Below this sentence is a listing; return exactly its lines from the one with "H34054696 Hetian Jade" to the one with "10일 온라인 커뮤니티에는", both kept, and nothing more.

> [Material for this exercise]
-- Opening Marker --
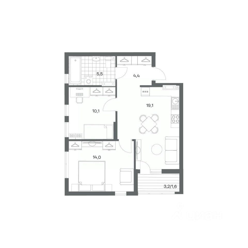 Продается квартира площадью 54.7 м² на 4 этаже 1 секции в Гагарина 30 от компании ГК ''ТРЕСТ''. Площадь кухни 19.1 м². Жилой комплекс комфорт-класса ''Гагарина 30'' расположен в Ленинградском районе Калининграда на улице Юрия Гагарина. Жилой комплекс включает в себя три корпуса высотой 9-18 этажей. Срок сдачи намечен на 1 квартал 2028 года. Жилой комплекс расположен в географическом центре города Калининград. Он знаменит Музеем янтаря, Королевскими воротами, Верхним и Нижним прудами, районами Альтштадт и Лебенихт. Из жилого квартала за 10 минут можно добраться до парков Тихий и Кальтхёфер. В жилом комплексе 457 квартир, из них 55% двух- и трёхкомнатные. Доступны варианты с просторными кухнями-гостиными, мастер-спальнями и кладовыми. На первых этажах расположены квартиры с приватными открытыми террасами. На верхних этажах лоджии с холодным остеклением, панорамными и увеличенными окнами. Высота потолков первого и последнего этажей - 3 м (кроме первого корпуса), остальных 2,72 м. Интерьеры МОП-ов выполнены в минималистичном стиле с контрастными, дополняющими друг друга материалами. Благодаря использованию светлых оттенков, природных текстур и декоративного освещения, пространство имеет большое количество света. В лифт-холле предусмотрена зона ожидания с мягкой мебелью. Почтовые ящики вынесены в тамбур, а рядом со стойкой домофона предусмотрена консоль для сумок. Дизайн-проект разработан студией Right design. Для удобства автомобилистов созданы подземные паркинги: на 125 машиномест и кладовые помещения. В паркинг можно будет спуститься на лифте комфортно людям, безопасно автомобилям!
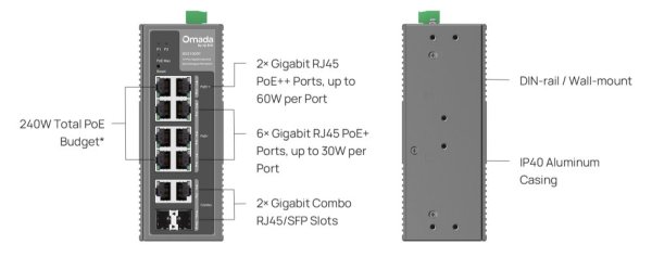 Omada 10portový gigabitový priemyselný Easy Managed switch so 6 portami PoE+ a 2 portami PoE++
-- Closing Marker --
-- Opening Marker --
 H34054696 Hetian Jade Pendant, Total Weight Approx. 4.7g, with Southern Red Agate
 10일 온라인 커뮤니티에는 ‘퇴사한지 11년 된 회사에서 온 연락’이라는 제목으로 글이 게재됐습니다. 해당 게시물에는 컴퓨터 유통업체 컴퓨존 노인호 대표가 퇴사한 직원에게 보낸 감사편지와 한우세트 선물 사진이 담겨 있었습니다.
-- Closing Marker --
> [Response area]
 H34054696 Hetian Jade Pendant, Total Weight Approx. 4.7g, with Southern Red Agate
 10일 온라인 커뮤니티에는 ‘퇴사한지 11년 된 회사에서 온 연락’이라는 제목으로 글이 게재됐습니다. 해당 게시물에는 컴퓨터 유통업체 컴퓨존 노인호 대표가 퇴사한 직원에게 보낸 감사편지와 한우세트 선물 사진이 담겨 있었습니다.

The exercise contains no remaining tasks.